First you forget names, then you forget faces. Next you forget to pull your zipper up and finally, you forget to pull it down.
There's an old saying, 'Life begins at forty.' That's silly. Life begins every morning you wake up.
Too bad that all the people who know how to run the country are busy driving taxicabs and cutting hair.
I look to the future because that's where I'm going to spend the rest of my life.
I get up every morning and read the obituary column. If my name's not there, I eat breakfast.
You know you're getting old when you stoop to tie your shoelaces and wonder what else you could do while you're down there.
I honestly think it is better to be a failure at something you love than to be a success at something you hate.

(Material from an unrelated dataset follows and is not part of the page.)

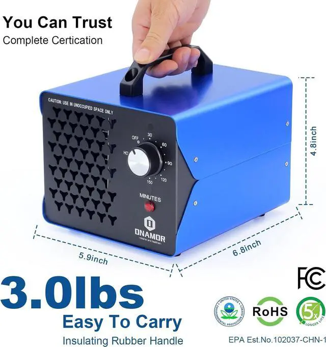 EASY TO OPERATE- Simply turn the knob to set the ozone production time and leave the area. The Ozonator time knob can be set up to 180 minutes or the HOLD setting to produce ozone continuously.
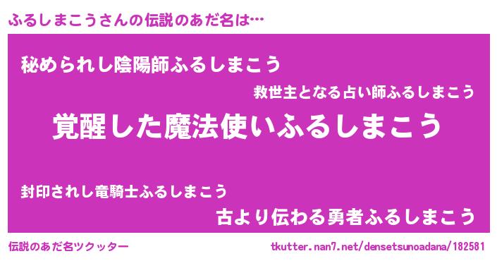 | 男性向けラノベタイトル風あだ名 | 『うちのふるしまこうが世界を掌握している!』 |

You can't help getting older, but you don't have to get old.
I love to sing, and I love to drink scotch. Most people would rather hear me drink scotch.
I was brought up to respect my elders, so now I don't have to respect anybody.
The secret of a good sermon is to have a good beginning and a good ending, then having the two as close together as possible.
If you live to be one hundred, you've got it made. Very few people die past that age.
And God said 'Let there be Satan, so people don't blame everything on me. And let there be lawyers, so people don't blame everything on Satan.'
It takes only one drink to get me drunk. The trouble is, I can't remember if it's the thirteenth or the fourteenth.
Happiness is having a large, loving, caring, close-knit family in another city.
I'd rather be over the hill than under it.
When I was a boy the Dead Sea was only sick.
When you stop giving and offering something to the rest of the world, it's time to turn out the lights.
Happiness? A good cigar, a good meal, a good cigar and a good woman - or a bad woman; it depends on how much happiness you can handle.
In those days the best painkiller was ice; it wasn't addictive and it was particularly effective if you poured some whiskey over it.
I find you have to take each day as it comes and be thankful for who's left and whatever you can still do.
Young. Old. Just words. Inside we feel like our shoe size.
Lots of people have asked me what Gracie and I did to make our marriage work. It's simple - we don't do anything. I think the trouble with a lot of people is that they work too hard at staying married. They make a business out of it. When you work too hard at a business you get tired; and when you get tired you get grouchy; and when you get grouchy you start fighting; and when you start fighting you're out of business.
I never go jogging, it makes me spill my martini.
There's nothing wrong with making love with the light on. Just make sure the car door is closed.